Allowing language models to manage explicitly scoped task sets makes it easy to integrate real-time feedback from real people ...... without getting caught in contextual error loops
A real-life example of a micro-intelligence
This is an example of how deterministic code can run a micro-intelligence that handles the "man in the loop" step of the deployment process.

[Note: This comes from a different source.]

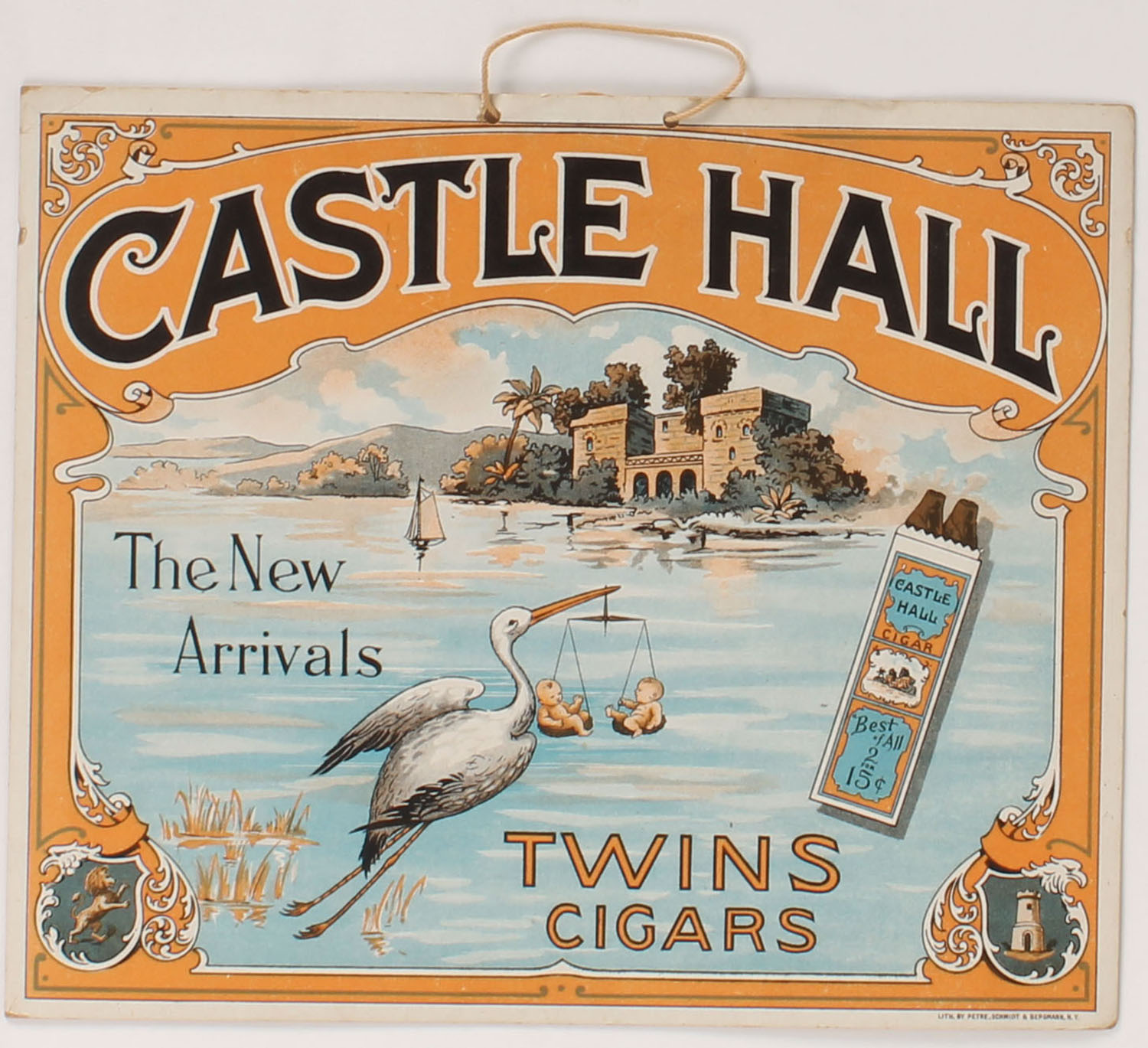 Castle Hall Twin Cigars advertising cardboard sign, has original hang string, pictures stork with twin babies fling over lake, 12'' x 10''. Grade: Excellent - Value: 50 to 300

- humankind Merge PRs into GitHub's main branch
- Deterministic code Deploying to a staging environment
- Deterministic code Run end-to-end (e2e) testing against pre-release environments
- Deterministic code Give the task to the Intelligence for production environment deployment with the initial context "Deploy SHA 4af9ec0 to the production environment"

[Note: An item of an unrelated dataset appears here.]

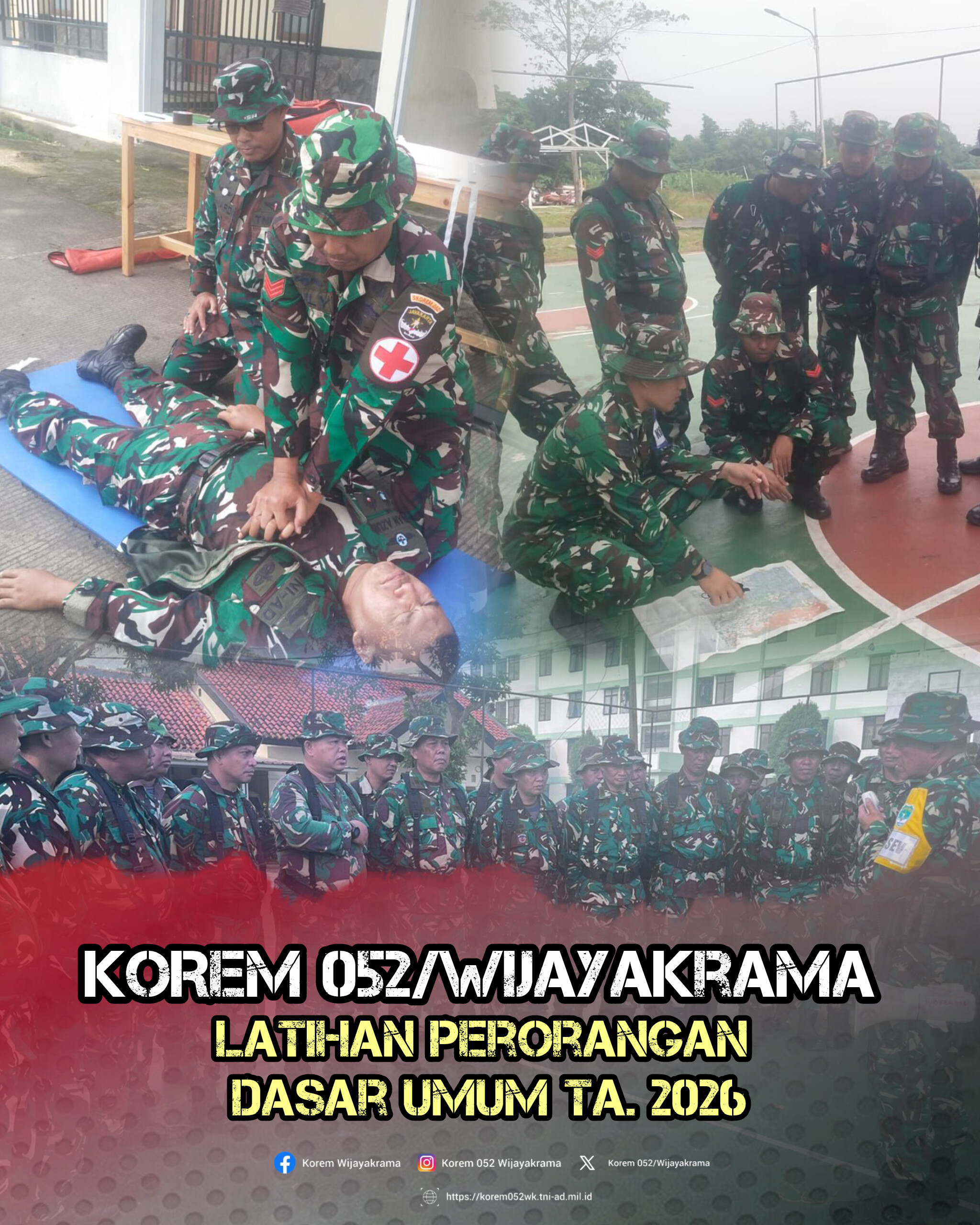 Dalam rangka meningkatkan profesionalisme dan kesiapsiagaan prajurit, Makorem 052/Wijayakrama menggelar Latihan Perorangan Dasar Umum (Latorsar Umum) Tahun Anggaran 2026 pada 10 sampai 11 Februari 2026. Kegiatan berlangsung di Komplek Rumah Dinas (Rumdis) Korem 052/Wkr, Legok, Kabupaten Tangerang.

- intelligent body invocations
deploy_frontend_to_prod(4af9ec0)
- Deterministic code Requesting human approval for this operation
- humankind Reject the action with the feedback, "Can I deploy the backend first?"
- intelligent body invocations
deploy_backend_to_prod(4af9ec0)
- Deterministic code Requesting human approval for this operation
- humankind Approve the operation
- Deterministic code Perform back-end deployment
- intelligent body invocations
deploy_frontend_to_prod(4af9ec0)
- Deterministic code Requesting human approval for this operation
- humankind Approve the operation
- Deterministic code Perform front-end deployment
- intelligent body Determine the successful completion of the task, end!
- Deterministic code Run end-to-end tests against production environments
- Deterministic code Task completion, or passing the task to the Rollback Intelligence to review the failure and possibly rollback
This example is based on one of our Humanlayer releases that manages our deployments. Real Open Source Intelligence -- Here's a real conversation I had with it last week:
We have not given this intelligence a great deal of tools or tasks. The main value of the Big Language Model is in parsing plain text feedback from humans and suggesting updated courses of action. We isolate tasks and context as much as possible to keep the Big Language Model focused on a small, 5-10 step workflow.
Here's another one. More classic support/chatbot demoThe
So, what exactly is an intelligent body?
- Prompt (prompt) - Tells the big language model how to act and what "tools" are available to it. The output of the hint is a JSON object that describes the next step in the workflow ("tool call" or "function call"). (Element 2)
- switch statement - Based on the JSON returned by the Big Language Model, decide what to do with it. ( Part of element 8)
- Cumulative context - Stores a list of steps that have occurred and their results. (Element 3)
- for loop - Before the Big Language Model issues some kind of "terminate" tool call (or plain text response), add the result of the switch statement to the context window and ask the Big Language Model to choose the next step. (Element 8)
In the "deploybot" example, we gained several benefits by mastering control flow and context accumulation:
- in our switch statement cap (a poem) for loop in which we can hijack the control flow to pause waiting for human input or waiting for a long-running task to complete.
- We can easily serialize (textual) context window for pause and resume.
- in our Prompt (prompt) In this case, we can strongly optimize the way instructions and "what's happened so far" are delivered to the big language model.
Part II commander-in-chief (military) Formalizing these patternsThey can be used in any software project to add impressive AI functionality without having to adopt the traditional implementation/definition of an "AI Intelligence Body" in its entirety.